Kieran Flanagan posted on LinkedIn:

SEO isn’t dying. It’s evolving into TV ads.

Everyone sees your Ad, and no one clicks it. AI assistants turn search into a billboard.

To which I added:

Getting a click or a sale isn’t the purpose of each individual ad or touchpoint. It’s about the aggregate impact.

Each exposure is a seed planted in the mind of the audience member. A field of flowers makes a bigger impact than a solitary bloom.

This can be an uncomfortable shift for performance marketers that have been mainlining real-time data and ROAS numbers for years.

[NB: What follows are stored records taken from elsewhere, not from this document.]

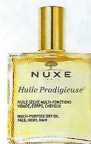
Huile Prodigieuse, o óleo seco multifunções para a pele do rosto, corpo e cabelo (100 ml), €29,90, Nuxe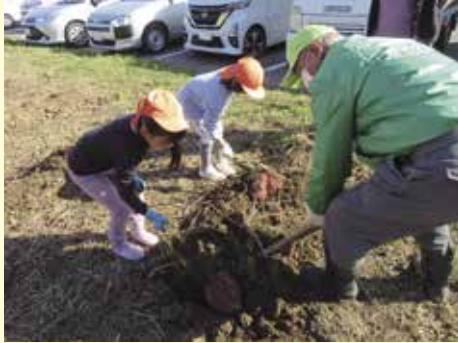
秋の恒例子どもたちとの芋掘り会

A 2004年にライオンズクラブやロータリークラブが解散したのをきっかけに新たに、地域貢献のため立ち上げた団体です。現在16名の会員やふれんだむの方々と一緒に月2回活動しています。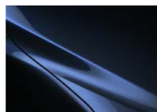
M Кралско син перлен металик (42M)

Доплата за металик MP - 500 ЕУР со ДДВ 3P - 900ЕУР со ДДВ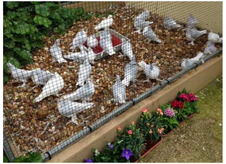
Les pigeons au bain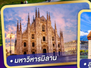
• มหาวิหารมิลาน

สวิตซ์ พิชิต 3 TOP 8 วัน 5 คืน เพียต - จุงเฟรา - ฮาร์เดอร์ คุล์ม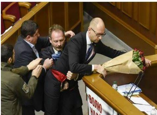
Handgemeen in de Rada, waar Minister President Yatsenyuk door een parlementarier van de coalitiepartner van de partij van President Poroshenko wordt aangevallen

In voorgaande artikelen is uitvoerig uit de doeken gedaan welk financieel kruis Moskou in de Donbas moet dragen. De schatkist is meer gevuld met lucht dan met geld. De bevolking van de Donbas raakt fysiek en mentaal uitgeput. Er wordt een steeds grotere wissel getrokken op de creativiteit van de “spinners” in het Kremlin. Er moet een oplossing worden gevonden om de druk op de Russische schatkist te verlichten en Russisch georiënteerde samenlevingen binnen en buiten de huidige grenzen van Rusland koest te houden.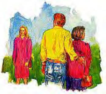
Pogrešni način mišljenja može da uništi vaš brak.

„Jer kako on tebe cijeni u duši svojoj tako ti jelo njegovo.“ (Engleski prevod: „Jer kako on misli u srcu svom, takav je.“) Priče 23:7. „Ne poželi žene bližnjega svojega.“ 2. Mojsijeva 20:17. „Svrh svega što se čuva čuvaj srce svoje, jer iz njega izlazi život.“ Priče 4:23. „Što je god istinito, ...pošteno, ... pravedno, ... prečisto, ... preljubazno, ... i još ako ima koja dobrodetelj, ... to mislite.“ Filipljanima 4:8.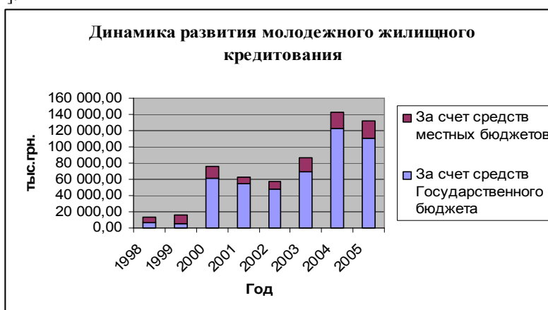
Рис. 1. Динамика развития молодежного жилищного кредитования (по источникам финансирования)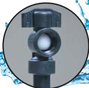
บอลวาล์วพลาสติก ABS ทนทาน คราบตะกรันไม่เกาะติด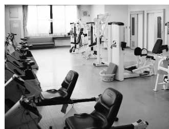
(いきいきさぼーと)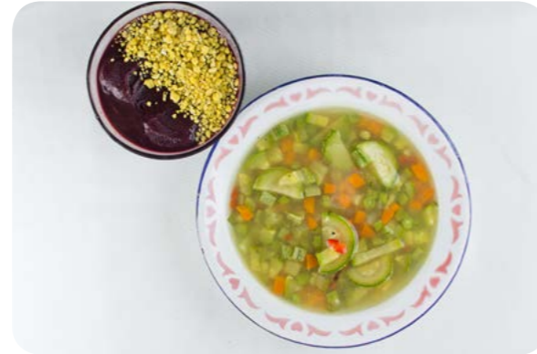
Sopa de legumes, farinha de macaxeira e açaí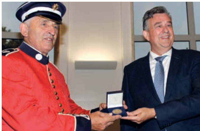
• Koninklijke penning uit handen van gouverneur Roemer.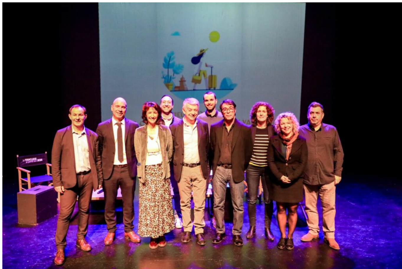
HOGQUEL A - VPA

Le 12 mars dernier, l'agence du développement, du tourisme et des territoires Vaucluse Provence Attractivité a réuni ses partenaires du monde du tourisme à l'Auditorium Jean-Moulin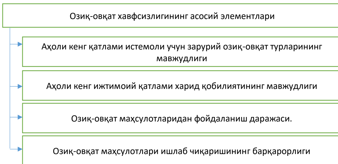
1-расм. Озиқ-овқат хавфсизлигининг асосий элементлари ташкилий тузилмаси*.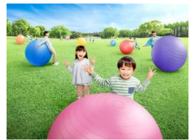
【マウンテンボール】

It’s harder to measure the impact of exposure and reach but we don’t want to stop at counting impressions or mistaking correlation for causation.

But I’ve been giving my Google Ads ecommerce team member a hard time for years that my social ads work with unimpressive ROAS numbers has been driving easy sales to his high performing channel. I put in the work, he reaps the glory. (It is a joke, but the best jokes are rooted in the truth (or complete absurdity, but that’s not relevant here).)

But now even a Google Search isn’t the obvious end point.

Our role as marketers is to tell a story across the channels we operate on for a brand to establish familiarity so that when a customer is about to make a decision we come to mind. Whether that happens via them actively seeking us out or anchoring on our name in a consideration set.

Make an impression. Provide value. Play the long game.